Para birimi için şu ölçüleri isim olarak koymuştur: Ukkiye, dirhem, danik, kırat, miskal ve dinar. Bu birimlerin hepsi Rasul (u) zamanında bilinen ve meşhur olan birimlerdi. Halk, bu birimler ile muamelelerde bulunuyorlardı Peygamberin de bunları benimsemiş olduğu sabittir. Sahih hadislerde sabit olduğu gibi, bütün alış-veriş ve nikah muameleleri altın ve gümüşe göre yapılıyordu.
Gerek Peygamber (u)’in parayı altın ve gümüşe bağlamış olması, paraya taalluk eden zekatı altın ve gümüşe tahsis etmesi ve sınırlandırması, kambiyo ve diğer işlemlerin, sadece altın ve gümüşe hasredilmiş bulunması gibi hususların hepsi İslâm parasının altın ve gümüşten başka olmayacağına bir delil teşkil eder.

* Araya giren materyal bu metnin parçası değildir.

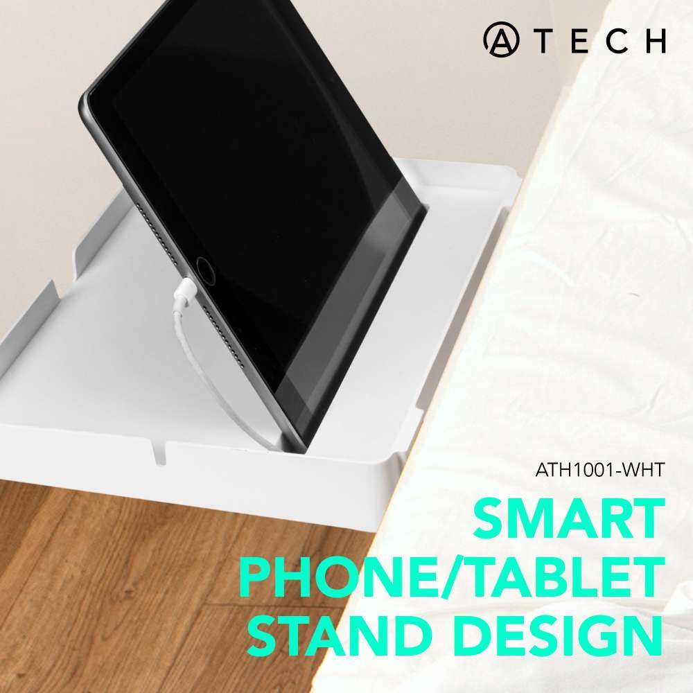 - PHONE TABLE & STAND: Small table fix on bedside for charging mobile devices. The slot on table use as phone/tablet stand and access for charging cable.

Ancak şu husus açık olarak bilinmelidir: Devletin
çıkaracağı paranın, ancak altın ve gümüşten olmak şartıyla tek bir birim
halinde olmasını Şeriatın tayin etmiş olması, İslâm devletinin hakim olduğu
beldelerde yaşayan insanlar arasında vuku bulan mübadelelerin ancak altın ve
gümüş ile yapılabileceği başka herhangi bir para ile yapılamayacağı anlamına
gelmez. Yani, Şeriatın tek bir birim olarak, hakkında belli bir parayı tayin
ettiği hükümlerin icrası ancak bu para birimine göre yapılır. Mübadeleye
gelince; bu husus, şeriatın belirlediği gibi serbesttir. Serbestlik üzerinde
devam eder. Mübadelenin belli bir para birimi ile kayıtlanması, devlete helal
olmayacağı gibi, resmi para veya başka bir birim ile kayıt altına alınması da
devlete helal olmaz. Çünkü, böyle bir takyid, bir mübahı haram kılmak demektir.

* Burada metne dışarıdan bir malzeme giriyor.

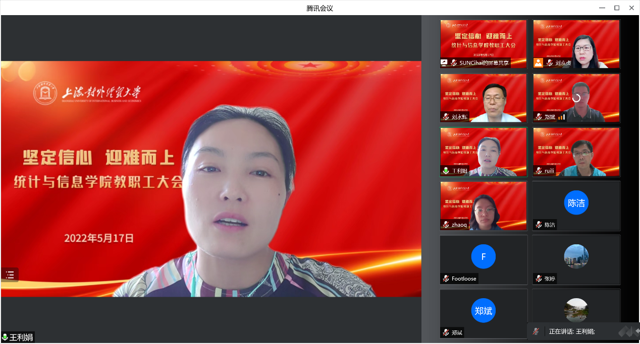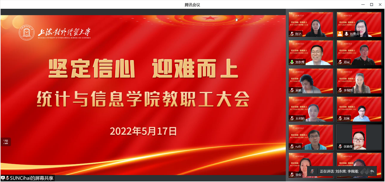 5月17日下午,統(tǒng)計(jì)與信息學(xué)院在線召開全體教職工大會(huì),就近期疫情防控工作和學(xué)院教學(xué)、科研、畢業(yè)生就業(yè)及“訪萬(wàn)企,讀中國(guó)”社會(huì)調(diào)查項(xiàng)目等重點(diǎn)工作進(jìn)行了部署,學(xué)院領(lǐng)導(dǎo)班子、全體教職工參加了會(huì)議。會(huì)議由院長(zhǎng)劉永輝主持。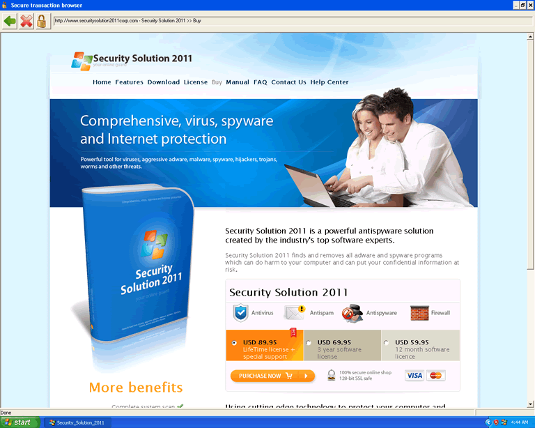 The Security Solution 2011 scam is similar to scams that are commonly carried out by most rogue security programs. This kind of scam has three main steps: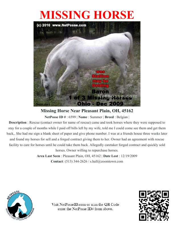 Description: Rescue (contact owner for name of rescue) came and took horses where they were supposed to stay for a couple of months while I paid off bills left by my wife, told me I could come see them and get them back,. She had me sign a blank sheet of paper and give phone number. I was at a friends house three weeks later and found my horses for sell and a forged contract giving them to her. Owner had an agreement with rescue facility to care for horses until he could take them back. Allegedly caretaker forged contract and quickly sold horses. Owner willing to repurchase horses.

Devletin, böyle bir işi yapması ne caiz olur ne de
helal. Ancak, devletin kendi resmi parasından başka, her hangi bir parayı,
hakimiyeti altında bulunan beldelerde serbest bırakması, kendi parası veya
maliyesine, yahut ekonomisine bir darbe olacaksa, “Harama
götüren vesileler de haramdır” kaidesinden hareket
ederek onu men eder. Bunun gibi devlet muayyen herhangi bir paranın, böyle bir
zarara vesile olduğunu görürse; “Mübah olan
şeyin fertlerinden herhangi bir ferdi bir zarara götürüyor ve ona vesile
oluyorsa, zarara vesile olan fert men edilir, o şey mübah olarak kalır” kaidesine göre hareket eder. Bu kaideyi devlet, kendi parasını dışa
ihraç veya yabancı paranın ithal ve ihracı hususlarını ülkenin içinde
uyguladığı muameleye göre tatbik eder.